[SUPPLIED MATERIAL]
☆ ☆ ☆ ☆ ☆ ☆ ☆
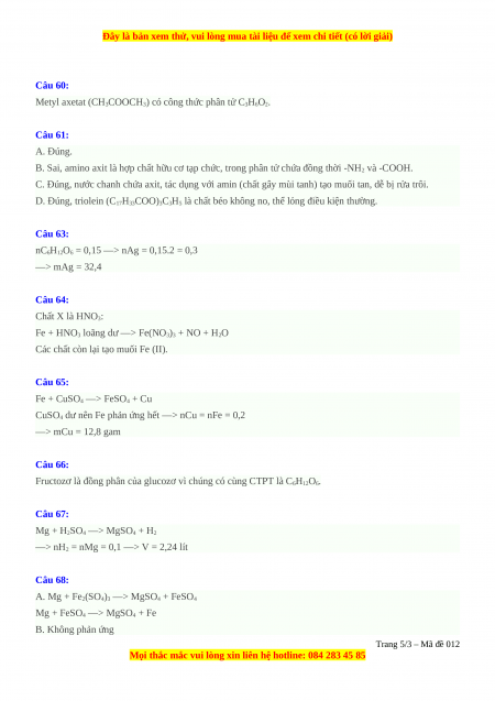 (f) Thành phần chính của cồn 70° thường dùng trong y tế để sát trùng là metanol. Trang 3/3 – Mã đề 012
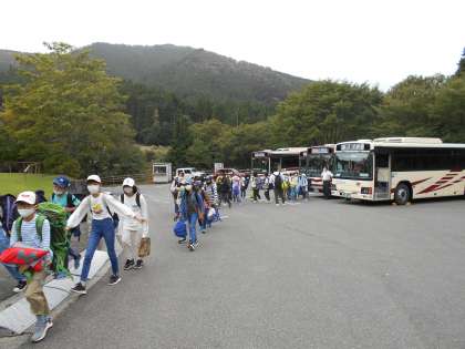 学校を出発して約1時間,ようやく山の家に到着しました。
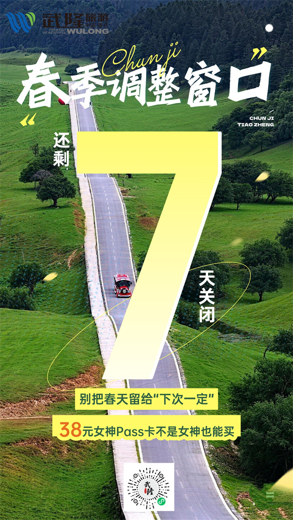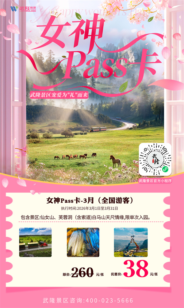三月的尾声敲响浪漫钟声,武隆已悄然换上春日盛装。百花开,暖阳复,空气中弥漫着春天的味道。而武隆景区「女神狂欢月」,也迎来了最后的7天狂欢——仅需38元,便可解锁这张春日限定福利,畅游仙女山、芙蓉洞(含索道)、白马山天尺情缘。
☆ ☆ ☆ ☆ ☆ ☆ ☆
[EXERCISE DIRECTIONS]
With the pictures left out, return all the material above exactly.

[YOUR RESPONSE]
 (f) Thành phần chính của cồn 70° thường dùng trong y tế để sát trùng là metanol. Trang 3/3 – Mã đề 012
 学校を出発して約1時間,ようやく山の家に到着しました。
三月的尾声敲响浪漫钟声,武隆已悄然换上春日盛装。百花开,暖阳复,空气中弥漫着春天的味道。而武隆景区「女神狂欢月」,也迎来了最后的7天狂欢——仅需38元,便可解锁这张春日限定福利,畅游仙女山、芙蓉洞(含索道)、白马山天尺情缘。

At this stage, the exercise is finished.